» EXTRACTED DATA:
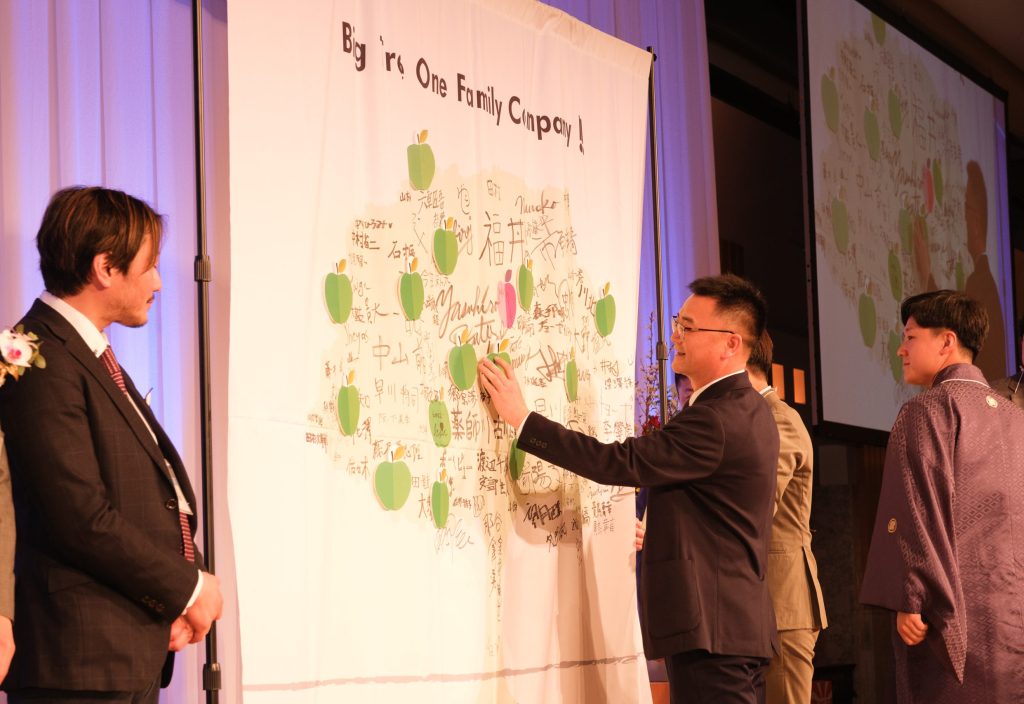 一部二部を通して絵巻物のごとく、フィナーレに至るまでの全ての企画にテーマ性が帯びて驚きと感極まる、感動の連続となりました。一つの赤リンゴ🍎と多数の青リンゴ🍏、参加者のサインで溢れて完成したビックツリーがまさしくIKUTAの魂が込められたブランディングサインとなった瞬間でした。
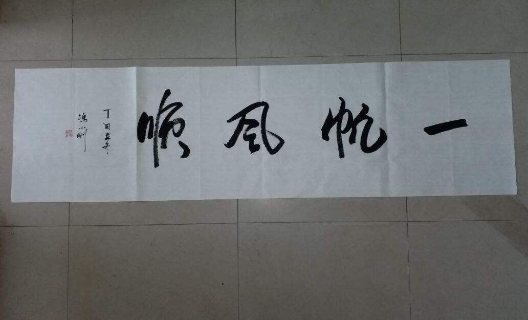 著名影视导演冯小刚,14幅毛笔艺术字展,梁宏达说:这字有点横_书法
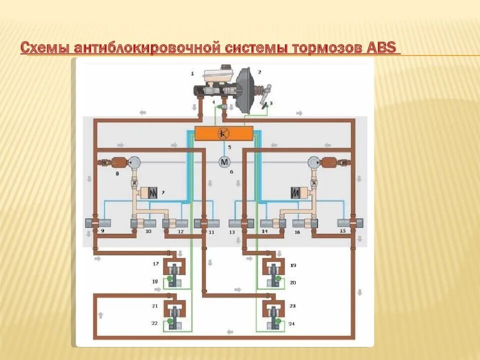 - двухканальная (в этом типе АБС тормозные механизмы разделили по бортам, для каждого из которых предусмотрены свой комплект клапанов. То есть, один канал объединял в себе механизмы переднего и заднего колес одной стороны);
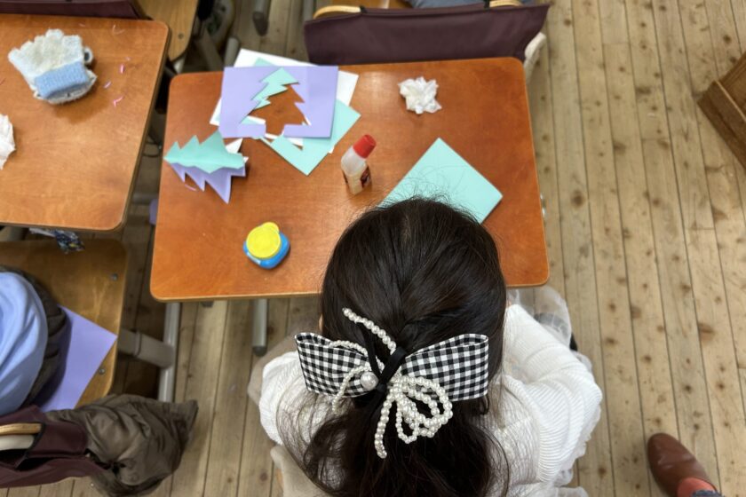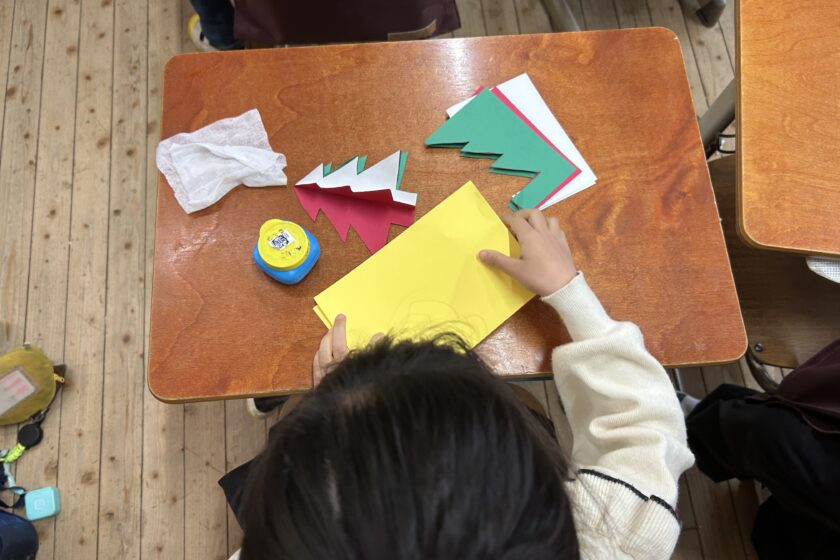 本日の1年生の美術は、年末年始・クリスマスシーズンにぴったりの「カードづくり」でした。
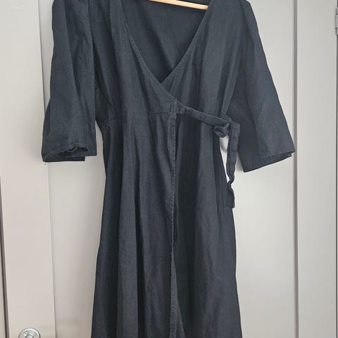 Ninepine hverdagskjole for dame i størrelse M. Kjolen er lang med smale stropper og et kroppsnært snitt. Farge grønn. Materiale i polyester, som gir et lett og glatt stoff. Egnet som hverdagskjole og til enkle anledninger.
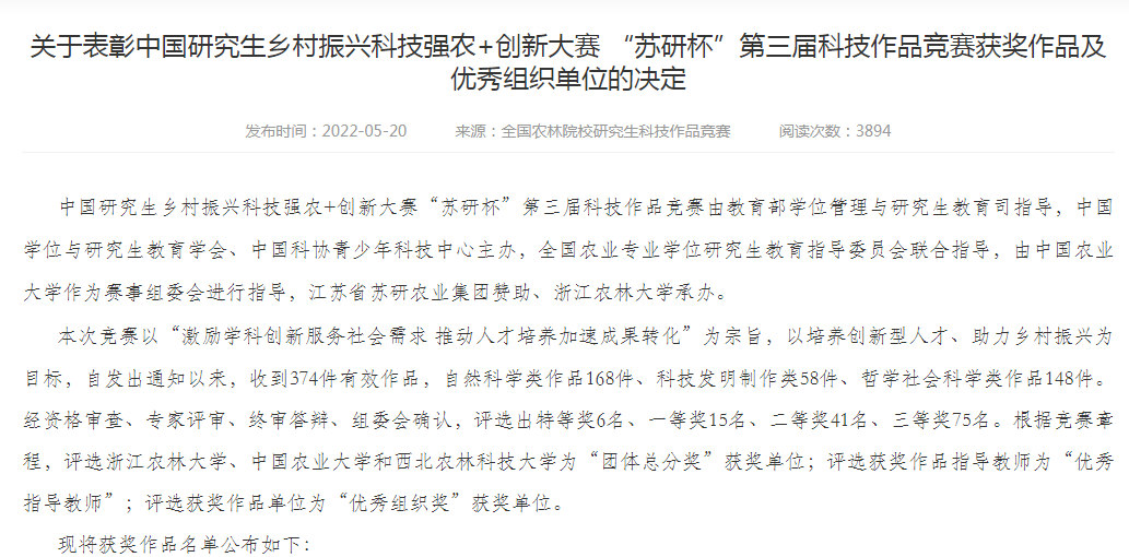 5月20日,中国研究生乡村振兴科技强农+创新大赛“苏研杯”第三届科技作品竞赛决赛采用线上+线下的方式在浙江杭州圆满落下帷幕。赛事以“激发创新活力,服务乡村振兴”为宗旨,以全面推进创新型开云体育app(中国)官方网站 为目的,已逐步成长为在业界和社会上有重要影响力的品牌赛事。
---
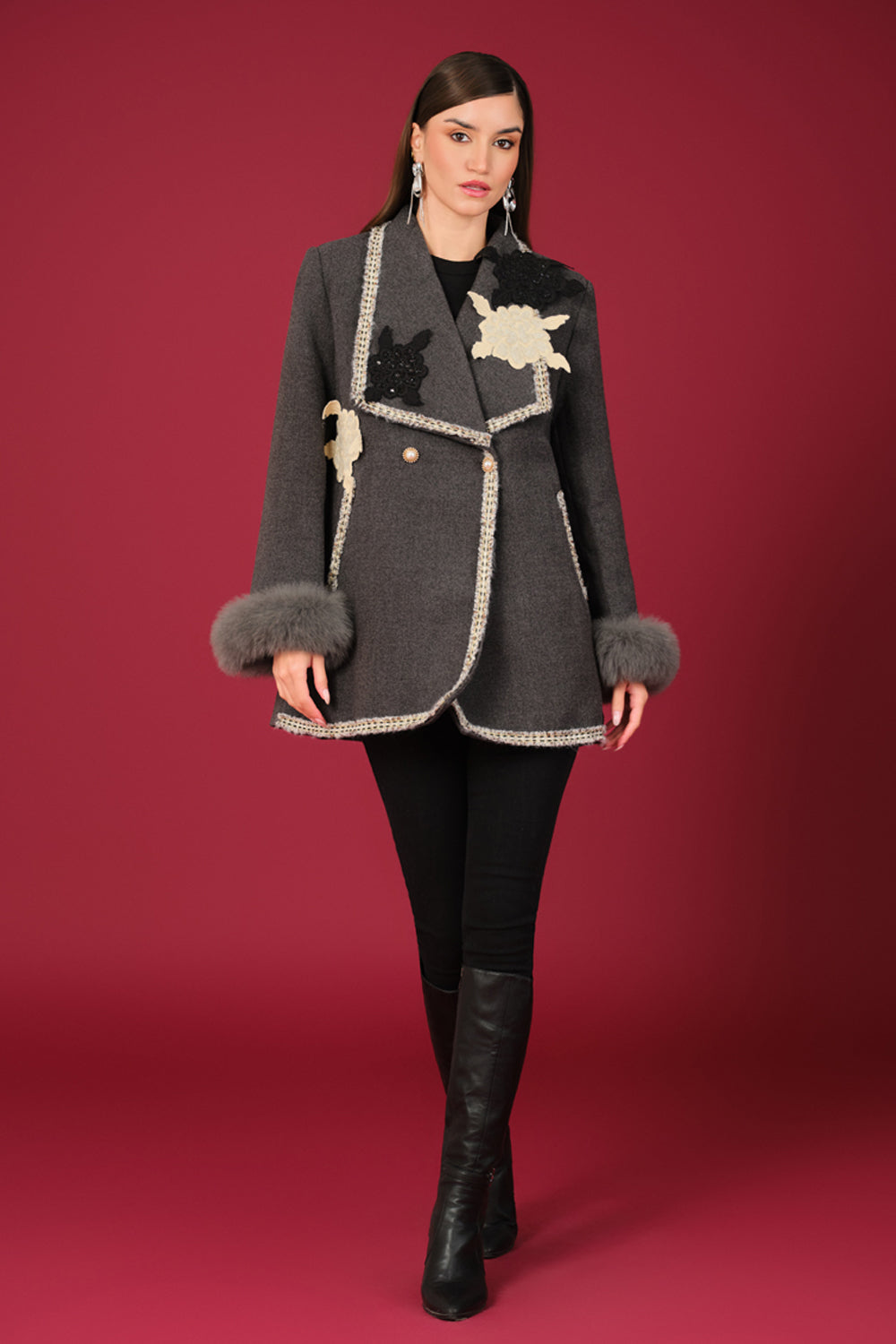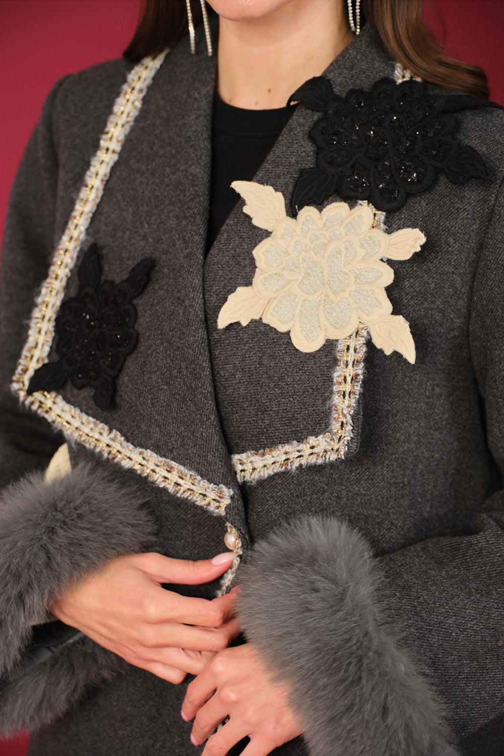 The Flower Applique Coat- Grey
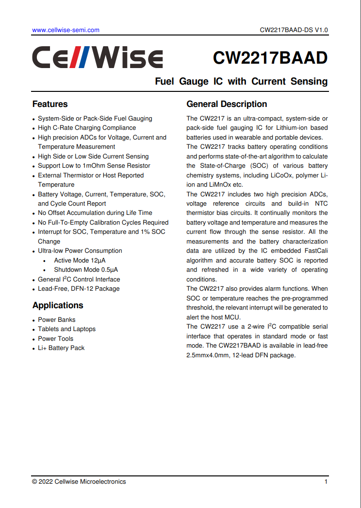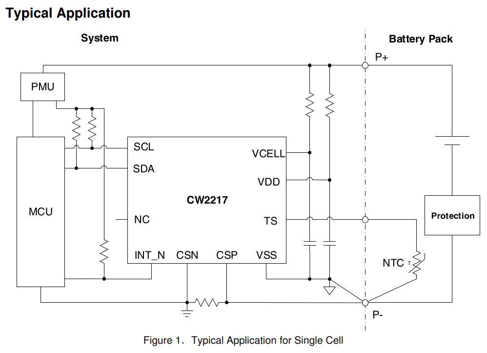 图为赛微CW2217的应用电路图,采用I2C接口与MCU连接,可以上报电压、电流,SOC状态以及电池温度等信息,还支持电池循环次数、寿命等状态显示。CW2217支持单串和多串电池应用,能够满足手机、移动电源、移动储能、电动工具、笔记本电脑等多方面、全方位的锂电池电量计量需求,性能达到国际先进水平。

» ACTION ITEM:
Write down exactly what the lines above say, from the line holding "一部二部を通して絵巻物のごと" through the line holding "5月20日,中国研究生乡村振", and nothing more. Do not copy the pictures.

» ANSWER:
 一部二部を通して絵巻物のごとく、フィナーレに至るまでの全ての企画にテーマ性が帯びて驚きと感極まる、感動の連続となりました。一つの赤リンゴ🍎と多数の青リンゴ🍏、参加者のサインで溢れて完成したビックツリーがまさしくIKUTAの魂が込められたブランディングサインとなった瞬間でした。
 著名影视导演冯小刚,14幅毛笔艺术字展,梁宏达说:这字有点横_书法
 - двухканальная (в этом типе АБС тормозные механизмы разделили по бортам, для каждого из которых предусмотрены свой комплект клапанов. То есть, один канал объединял в себе механизмы переднего и заднего колес одной стороны);
 本日の1年生の美術は、年末年始・クリスマスシーズンにぴったりの「カードづくり」でした。
 Ninepine hverdagskjole for dame i størrelse M. Kjolen er lang med smale stropper og et kroppsnært snitt. Farge grønn. Materiale i polyester, som gir et lett og glatt stoff. Egnet som hverdagskjole og til enkle anledninger.
 5月20日,中国研究生乡村振兴科技强农+创新大赛“苏研杯”第三届科技作品竞赛决赛采用线上+线下的方式在浙江杭州圆满落下帷幕。赛事以“激发创新活力,服务乡村振兴”为宗旨,以全面推进创新型开云体育app(中国)官方网站 为目的,已逐步成长为在业界和社会上有重要影响力的品牌赛事。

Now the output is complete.